- Type: Formation
- Underlies: Mesilla Valley Formation
- Overlies: Smeltertown Formation
- Thickness: 106 feet (32 m)

Location
- Coordinates: 31°47′39″N 106°32′35″W﻿ / ﻿31.7940792°N 106.5430513°W
- Region: New Mexico
- Country: United States

Type section
- Named for: Cerro de Muleros (now Cerro de Cristo Rey)
- Named by: W.S. Strain
- Year defined: 1976

= Muleros Formation =

The Muleros Formation is a geologic formation in New Mexico, which is particularly well exposed at Cerro de Cristo Rey near El Paso, Texas. It preserves fossils dating back to the early Cretaceous period.

==Description==
The formation consists of highly fossiliferous nodular argillaceous (clay-rich) limestone at its base and in its upper portion, with shale dominating the middle section and interbedding with the limestone towards the top of the formation. Total thickness is 106 feet. The formation conformably overlies the Smeltertown Formation and grades into the overlying Mesilla Valley Formation.

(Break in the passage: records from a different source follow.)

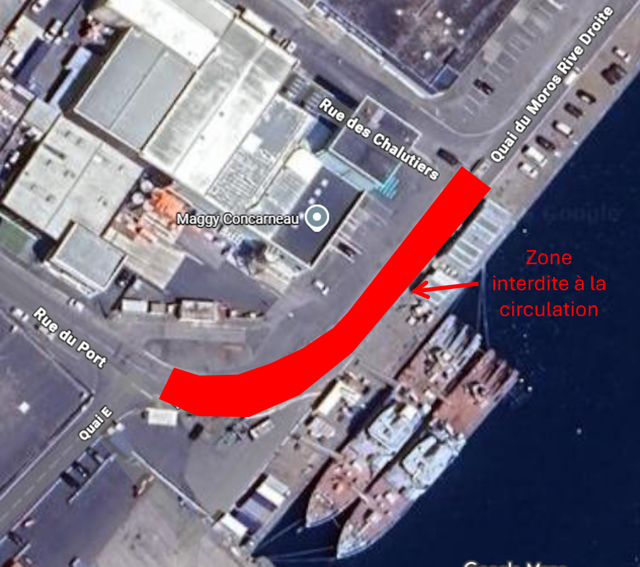 La circulation est interdite par un arrêté municipal ce jeudi 22/01 de 7h à 13h sur le quai du Moros rive droite de la rue du Port à la rue des Chalutiers.
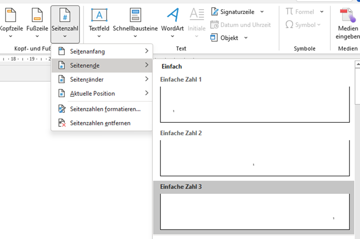 Klicke im Menü EINFÜGEN unter „Kopf und Fußzeile“ auf „Seitenzahl > Seitenende > Einfache Zahl 3„.
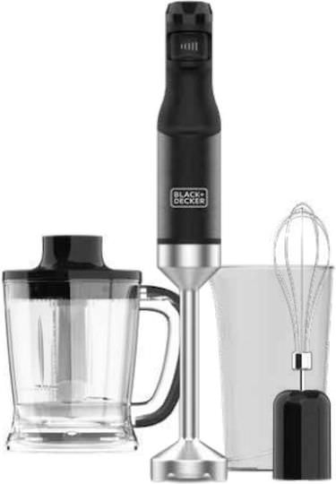 Ραβδομπλέντερ, της εταιρείας Black & Decker, με ισχύ 1500 Watt. Με το ραβδομπλέντερ θα μπορέσετε να πολτοποιήσετε τρόφιμα για παιδικές τροφές, να ομογενοποιήσετε σάλτσες, να φτιάξετε σπιτική μαγιονέζα, να δημιουργήσετε smoothies από οποιοδήποτε φρούτο επιθυμείτε ή ακόμα και να ετοιμάσετε σούπες. Είναι πολύ πρακτικό, εύχρηστο και καταλαμβάνει λιγότερο χώρο, σε σχέση με ένα επιτραπέζιο μπλέντερ. Μεγάλο του πλεονέκτημα αποτελεί το γεγονός ότι μπορείτε να επεξεργάζεστε τα υλικά σας μέσα σε οποιοδήποτε σκεύος, χωρίς να χρειάζεται να τα μεταφέρετε και να συσσωρεύονται στην κουζίνα σας διαρκώς άπλυτα σκεύη. Κατά τη διάρκεια του μαγειρέματος καλό θα είναι να έχετε πάντα την κεφαλή βυθισμένη μέσα στα τρόφιμα που επεξεργάζεστε, ώστε να αποφεύγονται ανεπιθύμητα πιτσιλίσματα αλλά και τυχόν εγκαύματα, στην περίπτωση που το τρόφιμο που επεξεργάζεστε είναι ακόμα καυτό.
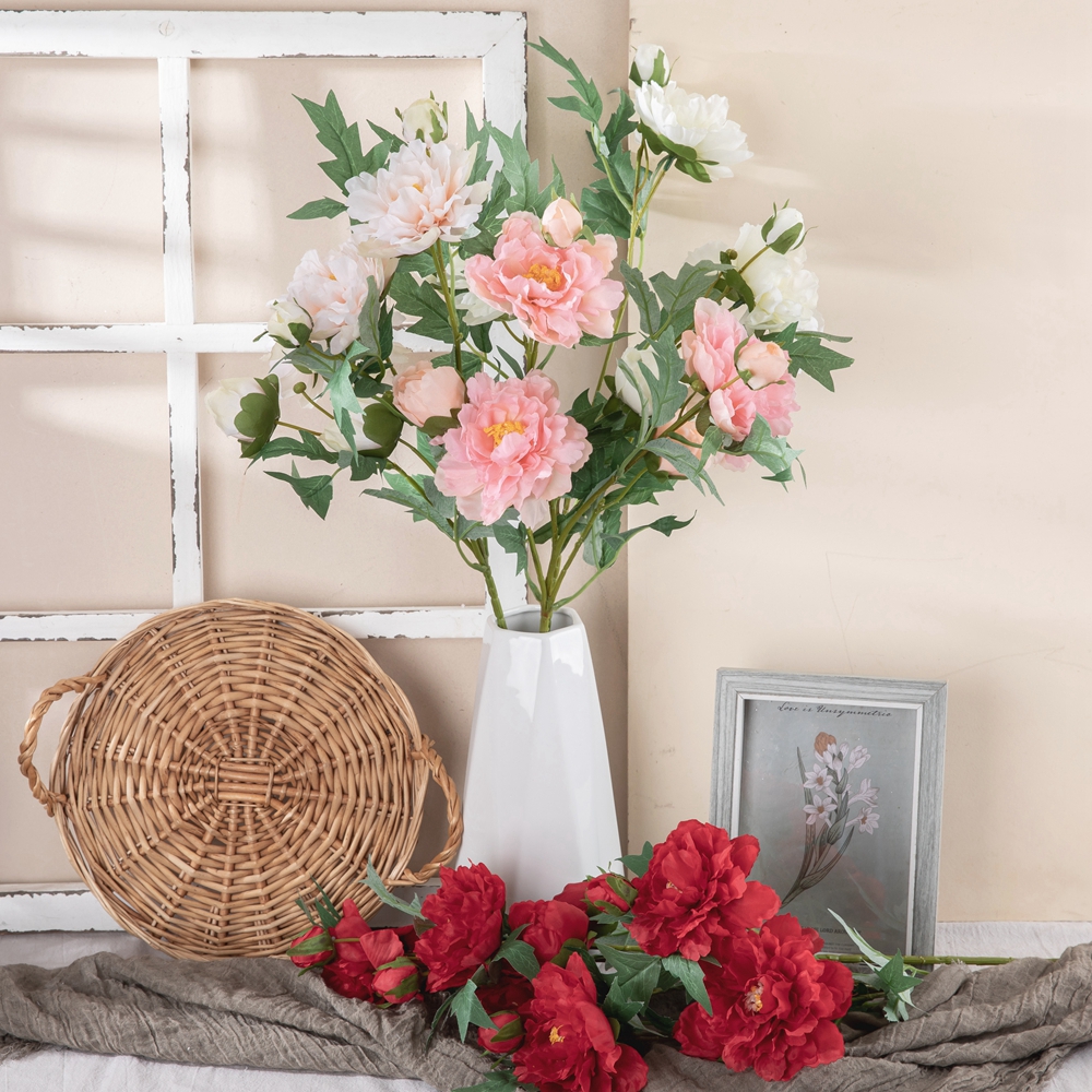 Saben kelopak lan godhong saka cabang tunggal peony buatan wis diukir kanthi ati-ati kanggo mulihake wujud peony sing sejati. Wernane padhang lan alami, teksture alus lan lapisan sing sugih, apa diselehake ing meja kopi ing ruang tamu, utawa digantung ing tembok kamar turu, bisa dadi pemandangan sing apik banget.
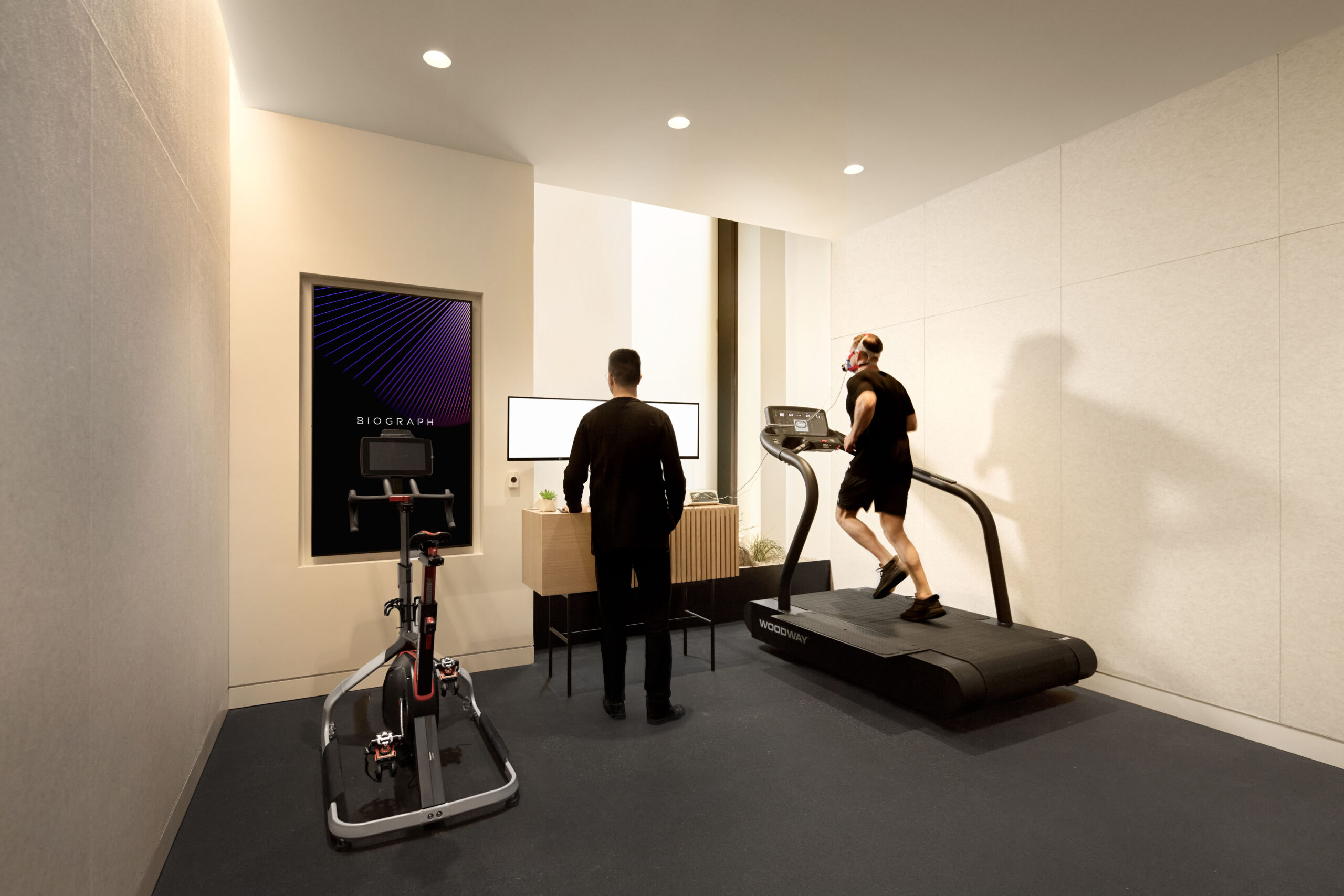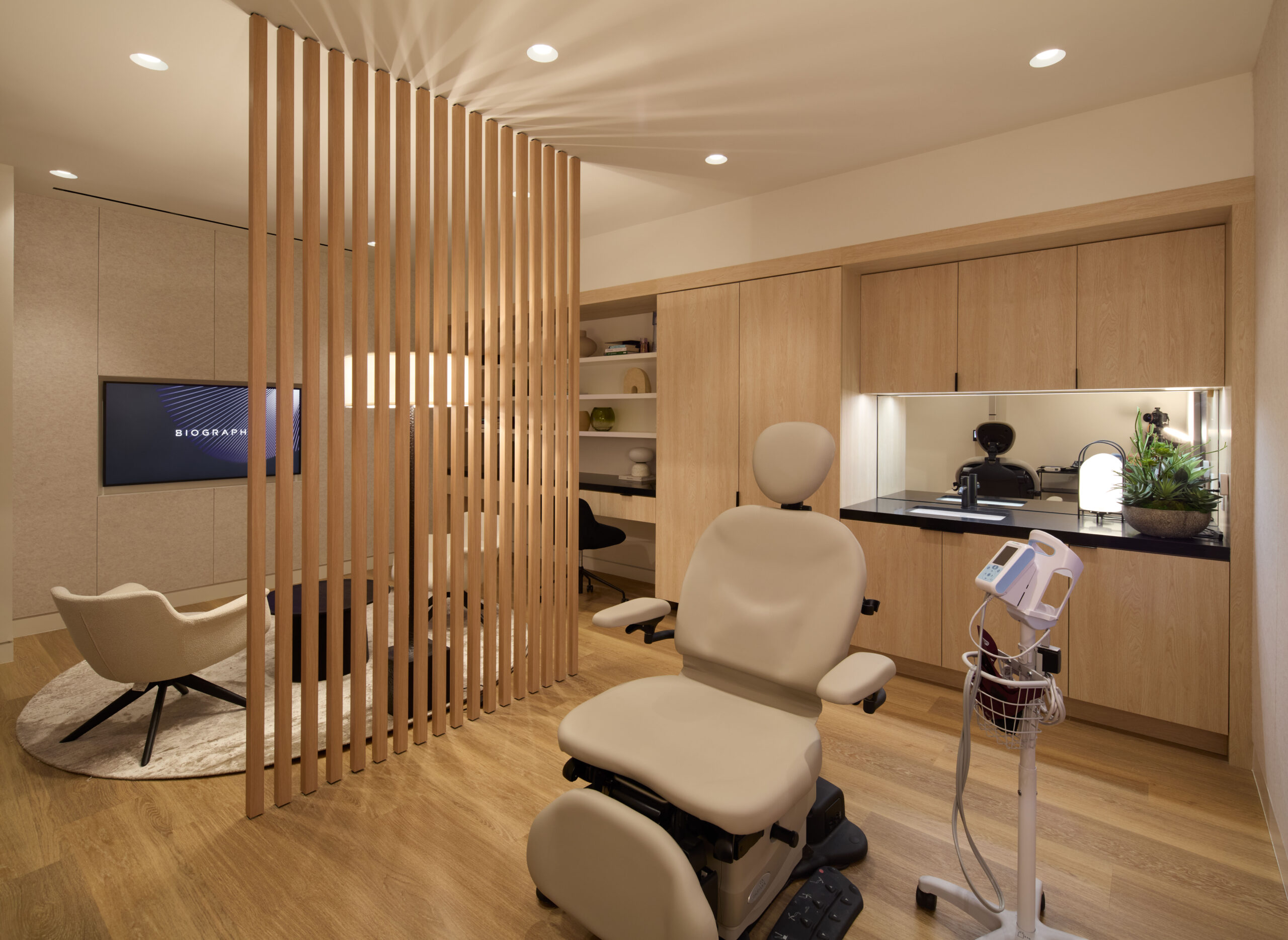 The design challenge was to translate Biograph’s visionary concept into a built environment that offers a profound sense of zen amidst the bustle of a city that never sleeps. Central to this atmosphere is a comprehensive commitment to biophilic design, weaving a deep connection to nature throughout the entire facility, a feature rarely seen in healthcare settings. The facility’s core function remains rooted in high-quality care, featuring a realm of advanced diagnostics, inclusive of their proprietary MRI machines, VO2 MAX, Dexa, CT Scans, and more.
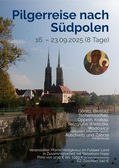 Über das Pfarrbüro können Sie sich anmelden. Herzliche Einladung zur Pilgerreise der Pfarrei Heilig Kreuz im Fuldaer Land.
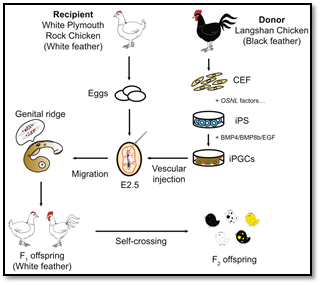 5月20日,《Nature Communications》(自然通讯)杂志在线发表了李碧春和陈国宏教授研究团队的最新研究文章《Production of viable chicken by allogeneic transplantation of primordial germ cells induced from somatic cells》。该文章阐述了将鸡高度分化的成纤维细胞逆转为生殖干细胞繁殖后代的理论和方法体系。这一研究突破了禽类动物不能克隆的“瓶颈”,为禽类动物的保种和扩繁,特别是濒危禽类种质资源保护和复原提供了强有力的技术支撑。同时,该技术体系还可结合目前成熟的基因编辑技术,高效地获取基因修饰后代,可加快禽类动物的生物工程育种进程。

The formation is interpreted as an outer shelf formation that later experienced shallowing and deposition of limestone in an inner shelf environment subject to storm influence, then deepened again to deposit shale with some storm layers.

==Fossils==
The formation contains at least 20 genera and 23 species of fossils. These include the molluscs Lima wacoensis Roemer, Lima mexicana Bose, Pecten texanus var. elongatus Bose, Pecten subalpinus Bose, Plicatula incongrua Conrad, Ostrea quadriplicata (Shumard), Texigryphaea washitaensis. Trigonia emery Conrad, Helicocryptus mexicanus Bose, and Turritella granulata Sowerby var. cenomanensis d'Orbigny and the echinoderm Heteraster bravoensis (Bose). These are characteristic of the Albian age. The formation is highly fossiliferous, with some beds consisting almost entirely of fossils of the oyster Texigryphaea washitaensis.

==History of investigation==
The beds making up the formation were first described by E. Bose in 1906 as subdivision 5 of his stratigraphic section. W.S. Strain assigned the name Muleros Formation to this subdivision in 1976.